══ PROVIDED DATA

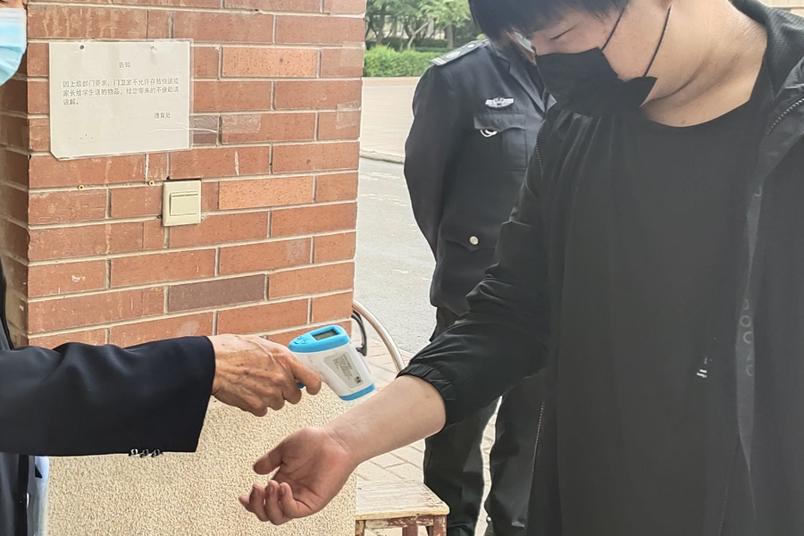 通过我们的交谈得知,在这些保安人员的心里,校园的安全是自己最担心的事情。疫情防控期间,学校门口是我们学校防疫的重要枢纽点。他们始终坚持严格把守校门,工作人员进出校园需要登记信息、扫健康码,测量体温,进校车辆也需要进行消毒登记。至于外来人员,更是不准随意进出。
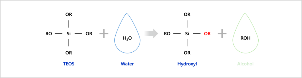 Metal alkoxides are ideal chemical precursors for sol-gel synthesis because they react readily with water. For fabrication of silica glass, the silicon alkoxides such as silicone tetraethoxides (Si(OC₂H₅)₄, tetraethyl orthosilicate, TEOS) are used. Alkoxides are hydrolyzed in the existence of water by acid- or base- catalyzed processes. The reaction is called hydrolysis, because a hydroxyl ion becomes attached to the silicon atom as follows:
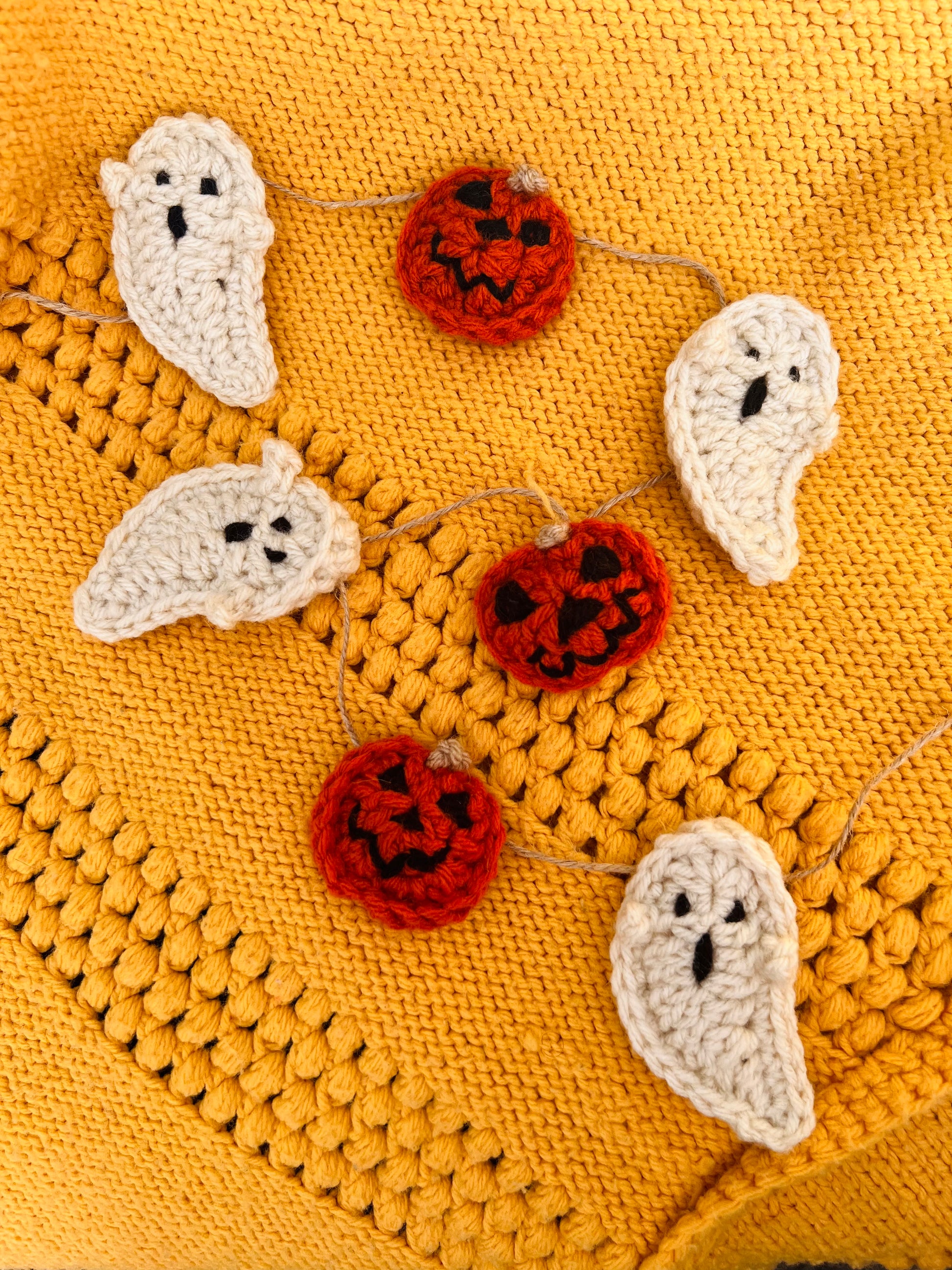 A festive mix of spooky and sweet! This handmade garland features four flat crochet ghosts and three pumpkins, all strung on twine for easy hanging. Perfect for adding a playful Halloween touch to your mantel, doorway, or party décor. 🎃👻
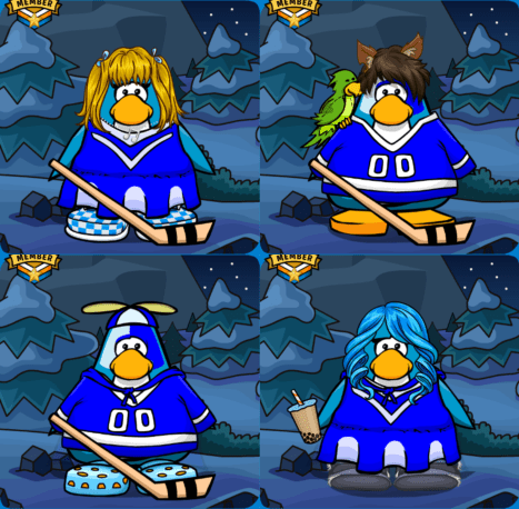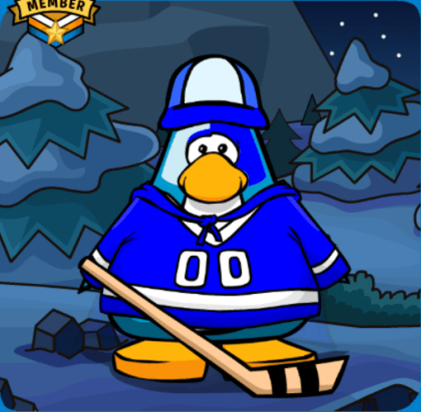 The official guide shows the penguin wearing blue shorts, which are unavailable in the game. Thus, the current official body item is the Blue Hockey Jersey, with the Hockey Stick as the official hand item, that is also featured on the website. The two items can be found in the Stadium Sports Catalogue.

════

▶ **ACTIVITY**
What is needed is a word-for-word copy of the data above, free of any images.

▶ **COMPLETED EXERCISE**
 通过我们的交谈得知,在这些保安人员的心里,校园的安全是自己最担心的事情。疫情防控期间,学校门口是我们学校防疫的重要枢纽点。他们始终坚持严格把守校门,工作人员进出校园需要登记信息、扫健康码,测量体温,进校车辆也需要进行消毒登记。至于外来人员,更是不准随意进出。
 Metal alkoxides are ideal chemical precursors for sol-gel synthesis because they react readily with water. For fabrication of silica glass, the silicon alkoxides such as silicone tetraethoxides (Si(OC₂H₅)₄, tetraethyl orthosilicate, TEOS) are used. Alkoxides are hydrolyzed in the existence of water by acid- or base- catalyzed processes. The reaction is called hydrolysis, because a hydroxyl ion becomes attached to the silicon atom as follows:
 A festive mix of spooky and sweet! This handmade garland features four flat crochet ghosts and three pumpkins, all strung on twine for easy hanging. Perfect for adding a playful Halloween touch to your mantel, doorway, or party décor. 🎃👻
 The official guide shows the penguin wearing blue shorts, which are unavailable in the game. Thus, the current official body item is the Blue Hockey Jersey, with the Hockey Stick as the official hand item, that is also featured on the website. The two items can be found in the Stadium Sports Catalogue.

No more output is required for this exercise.